Trump has been unique in his ability to survive scandals that would otherwise sink mainstream politicians, with it becoming almost a parody that many political prognosticators constantly said Trump was doomed, only for him to float along like nothing happened after a week or so. But I think this caused many people to overlearn about Trump's resilience into essentially thinking he's invincible. In reality, Trump's clout within the GOP and the nation have been declining slowly but consistently. The high point was obviously the 2016 election, but he suffered a minor-to-moderate defeat in the 2018 midterms before being rejected by the country as a whole in 2020, and now it looks like he's slowly being rejected by the Republicans as well; not just the establishment (which has always kind of hated him) but even the far right is looking for other options. Smart money now thinks Desantis is about twice as likely to win the R nomination in 2024 than Trump after Trump's candidates arguably cost Republicans the Senate chamber.

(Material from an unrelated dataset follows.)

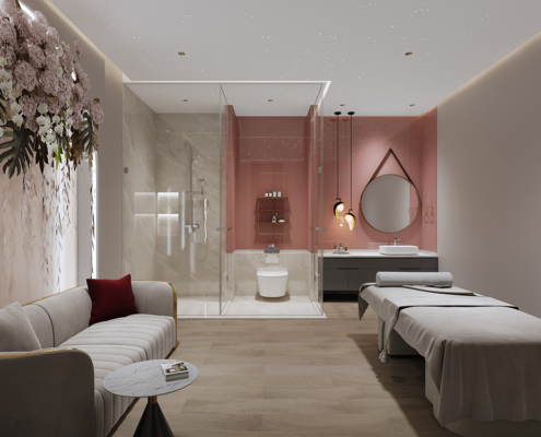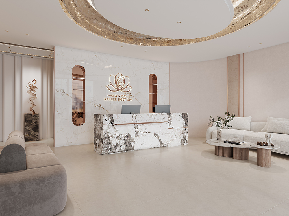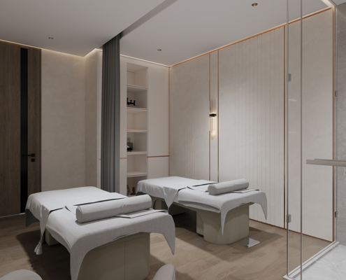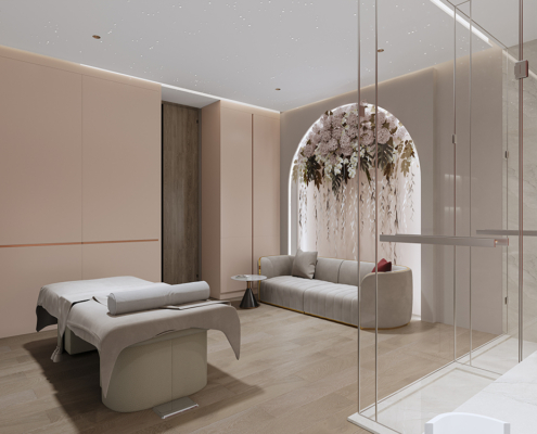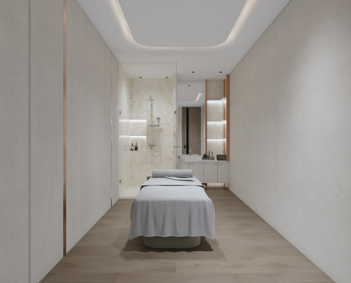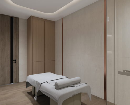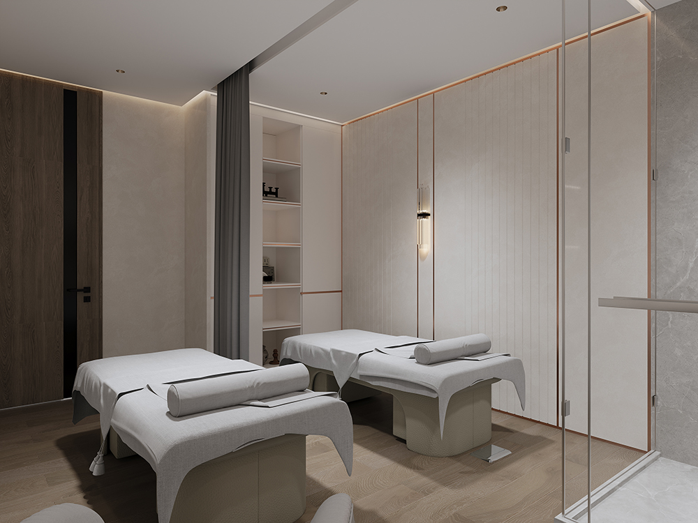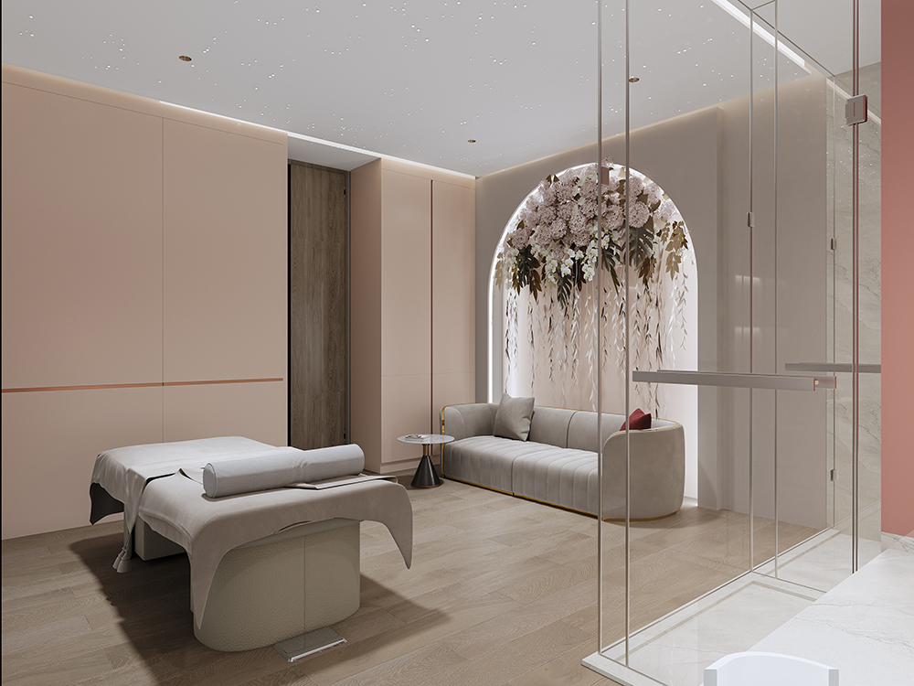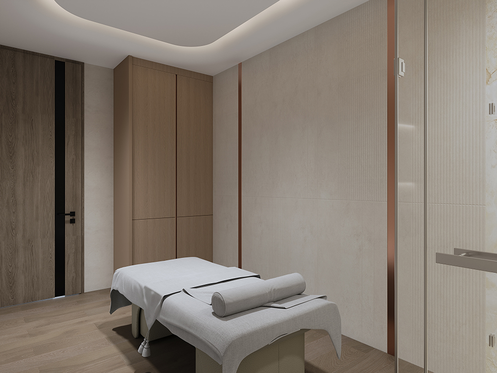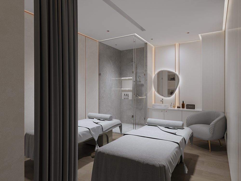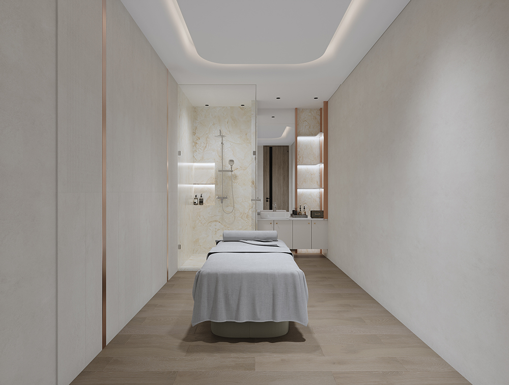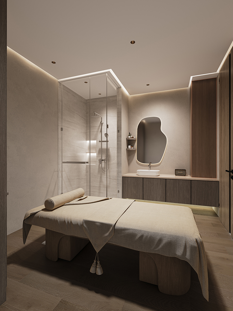 以柔性線條與鏡面材質引導視覺流動,為貴賓打造兼具專業與舒適感的SPA體驗空間。

Somehow, some people still thinking that Trump supporters support Trump because he charmed them with some kind of magic spell and they listened to his MAGA siren song and became MAGA themselves. But this is the exact opposite of the truth - Trump got popular because he tapped in and became the focus point of unsatisfied need in the American politics. But then he departs from that point, his influence diminishes. When he is ineffective in serving those needs, his influence diminishes. I wouldn't go as far as proclaim he's beatable in 2024R, my personal opinion he is still going to win (and for DeSantis would be smart to sit this one out entirely). But his decline in popularity, I think, is in direct relation to his inability to efficiently govern and deliver on his promises. He has only two ways to go here: either invent some new way to deliver, that he haven't tried before, and somehow convince a lot of people that it's going to be different this time, or ride a slow decline of his popularity into an eventual political oblivion (or the position of a political commentator on TV).